### Work order
Output each line exactly as written, from the first line of the records to the line bearing "This long-sleeve mesh", inclusive, while leaving every picture out.
==============================
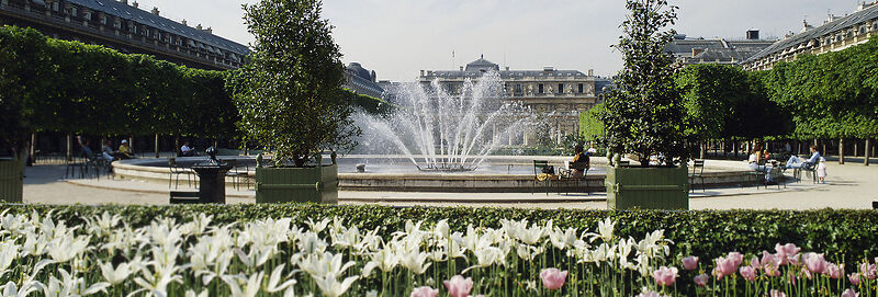 Jardin du Palais-Royal, allée de tilleuls, chaise et groupe sculpté (stretched canvas)
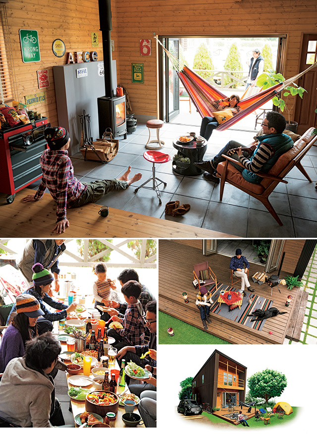 土間リビングでパーティーしたり、デッキで寛いだり、薪ストーブを囲んで語り合ったり…。
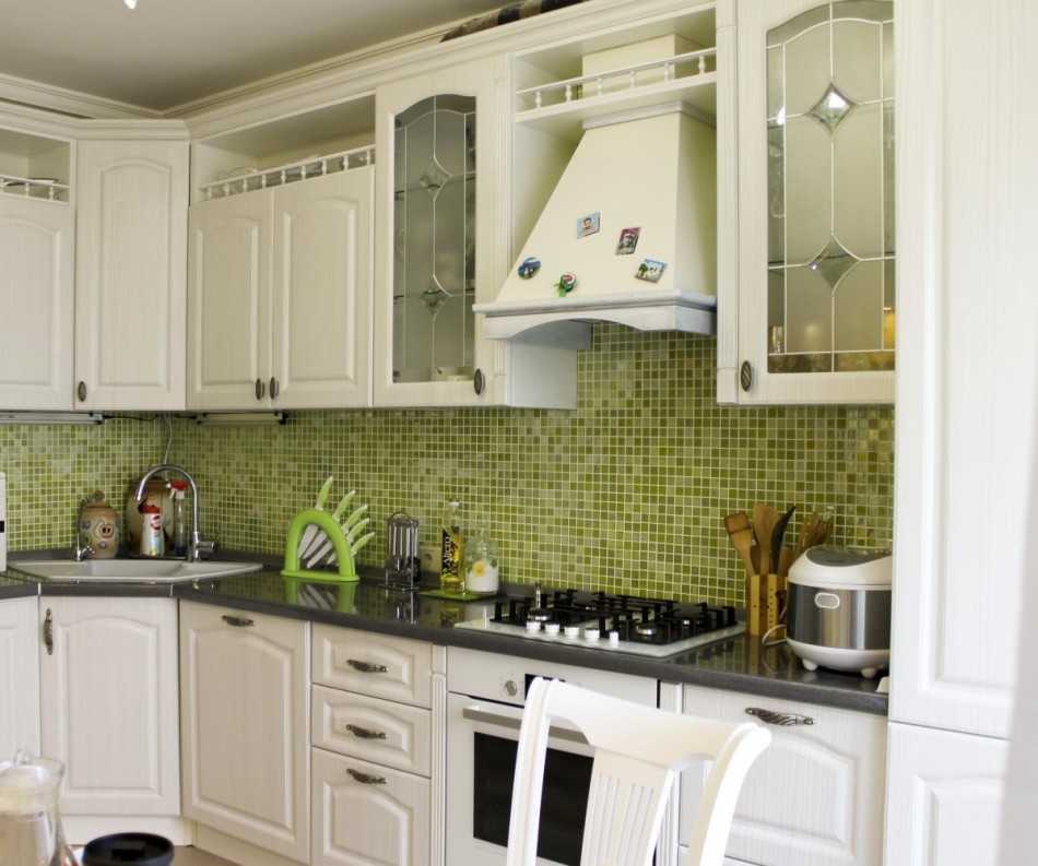 - Фартук. Рабочая фартучная зона нуждается в правильном выборе отделки. Популярное решение – использование керамической плитки, мозаики, пвх-панелей, закаленного стекла, моющейся краски или декоративного камня.
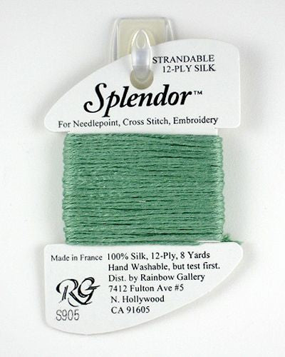 This is Splendor from Rainbow Gallery in color 0905 Light Pistachio. A soft stranded silk from Rainbow Gallery. Use 6 strands on 13 mesh, 3 or 4 strands on 18 mesh.
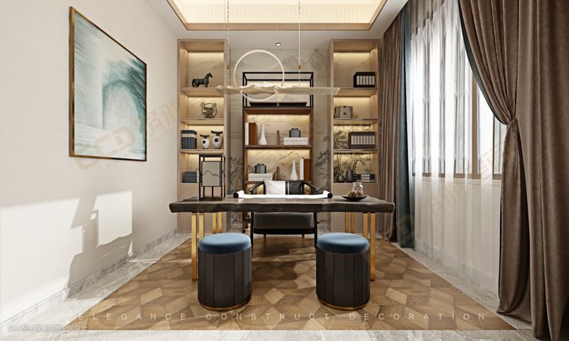 举目可望的景观,舒适自然的空间。书房融合现代与东方美学,觅清幽之处静享书香弥漫的休闲时光。
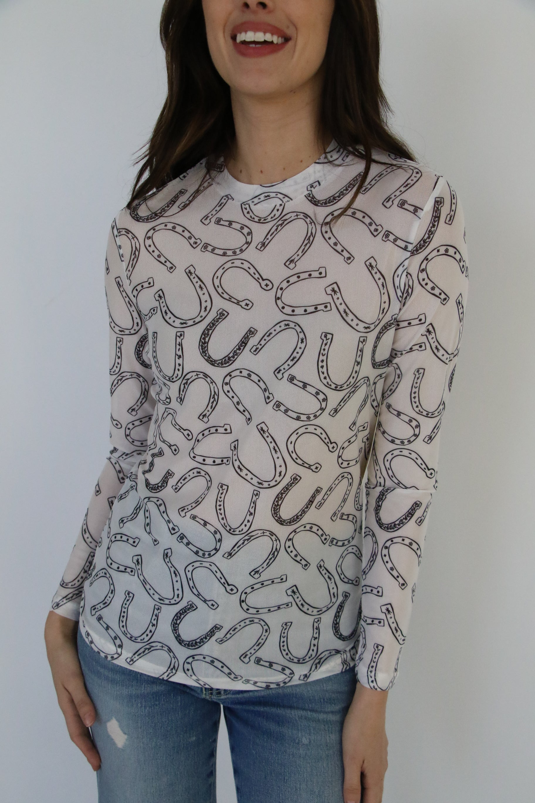 This long-sleeve mesh top is giving major western-chic vibes! Featuring an allover black horseshoe print on a sheer, stretchy fabric, it's the perfect lightweight layering piece to add a little luck (and a lot of style) to your outfit. Wear it under a graphic tee or rock it solo for a bold statement—either way, you're guaranteed to turn heads.
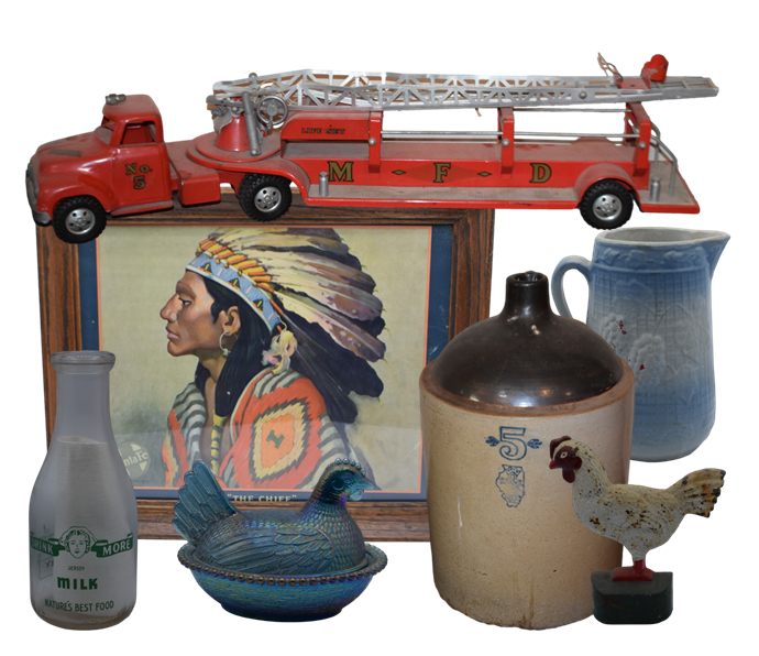 Dazey Butter Churn – Granite Ware Coffee - Chalk Nativity –Paper Mache Santa – Honey & Bee Related Collectibles –Nesco Tin Match Safe – Purina 1gal Galvanized Bucket – Mikro Scale – Copper Mugs – Antique Photo Albums – Premium Cracker Tin – Terracotta Figurines – Coffee Jars – Mid-Century Coffee Pot – Various Granite Ware – Various Chicken Figurines – Vintage Egg Scale – Brass Corn Plaque – Wooden Whirly Gigs – Tin Farm Animal Hooks – Vintage Orange Juice Carafes – Kitchen Scale – Copper Boiler – Wood Boxes – String Holders – Advertising Tins – Coffee Grinders – Exit Light – Pully – Torch Lantern – Milk Bottles – Antique Kellogg Wall Phone – Balance Scales – Antique Apple Peeler – Black Forest Barometer – Burnt Wood Pipe Box – Root Mason Jar – Egg Basket – Willard Storage Batteries Sign – Burma Shave Wooden Sign – Wash Boards – Oil Lamps – Quilts – Fountain Pins - Uncle Sam’s Cash Register Coin Bank – Buddy L Toy Trucks – International Toy Grain Truck – Tonka Fire Engine Truck No 5 – Tin Kitchen Stove Toy - Other Vintage Toys – Depression Glass Shakers – Green Vaseline Juicer – 4c Custard Measuring Cup – Carnival Glass Hen on Nest – Jadeite Planter – Enamel Painted Vase – Carnival Glass Honey Dish - Black Americana Cast Iron Bank – Cast Iron Rooster Doorstops – Cast Iron Match Safe – Salesman Sample Size Boiler – Griswold No 9 Skillet Lid – Cow Doorstop - Griswold Skillet Lid – Salesman Sample Crescent, Acme & Queen Stove – White Painted Bell – Griswold Crispy Corns – German Shepherd Bookends - Neefs Dairy Bottles (quarts & pint) – Craigs Dairy Bottle – Roy Utz Thermometer – MoPac Lantern Globe – Alvin Bozarth, Boonville, MO Box – History of Cooper County - Butteryfly Salt Crock – 10” Blue/White Banded Crock Bowl – Watts Ware – Large Selection of Stoneware Pitchers – American Bisque Cookie Jar – Crock Rice Jar (no lid) – Green Crock Steins – Yellow Ware – McCoy Strawberry Cookie Jar – Pie Birds – 6gal Pittsburg Diamond Crock – Crock Bowls – Vintage Apple Cookie Jar – Majolica Water Lily Vases – Bamboo Planter – 4gal Brown Crock – Planters – Tea Pots – 5gal Blue Band Crock Jug – 4gal Crock Butter Churn – 10gal White Hall Crock – Crock Honey Pot – Indian Pottery – Fiesta Pitchers – Ball Pitcher – 6gal Crock – 3gal Diamond Crock – 5gal Crock Lid – 5gal White Hall Crock Jug – Vintage Apple Shakers – 4gal Western Crock – Brown Crock Jars – 1gal Western Crock Jug – UCO Crock Feeder – Framed Santa Fe Southwestern Calendar Pages – Boonville Depot Print – Bingham “Stump Speaking” Framed Print – Native American Framed Prints – Vintage Framed Fruit Print – KC Stockyard Framed Card – J.R. Hamil Prints – Inlaid Wood Panel – Boonville Prints – Thomas Hart Benton Print – Other Framed Art - New Haven Kitchen Clock – Antique Wall Clock – A-Frame Trusses – New Home Sewing Machine – Church Pew – Magic Chef Gas Stove – Bonnet Dresser – Cast Iron Table Lamp – Antique Baby Buggy This is a partial listing. Watch for additional photos as sale date approaches.
==============================
### Answer to this problem
 Jardin du Palais-Royal, allée de tilleuls, chaise et groupe sculpté (stretched canvas)
 土間リビングでパーティーしたり、デッキで寛いだり、薪ストーブを囲んで語り合ったり…。
 - Фартук. Рабочая фартучная зона нуждается в правильном выборе отделки. Популярное решение – использование керамической плитки, мозаики, пвх-панелей, закаленного стекла, моющейся краски или декоративного камня.
 This is Splendor from Rainbow Gallery in color 0905 Light Pistachio. A soft stranded silk from Rainbow Gallery. Use 6 strands on 13 mesh, 3 or 4 strands on 18 mesh.
 举目可望的景观,舒适自然的空间。书房融合现代与东方美学,觅清幽之处静享书香弥漫的休闲时光。
 This long-sleeve mesh top is giving major western-chic vibes! Featuring an allover black horseshoe print on a sheer, stretchy fabric, it's the perfect lightweight layering piece to add a little luck (and a lot of style) to your outfit. Wear it under a graphic tee or rock it solo for a bold statement—either way, you're guaranteed to turn heads.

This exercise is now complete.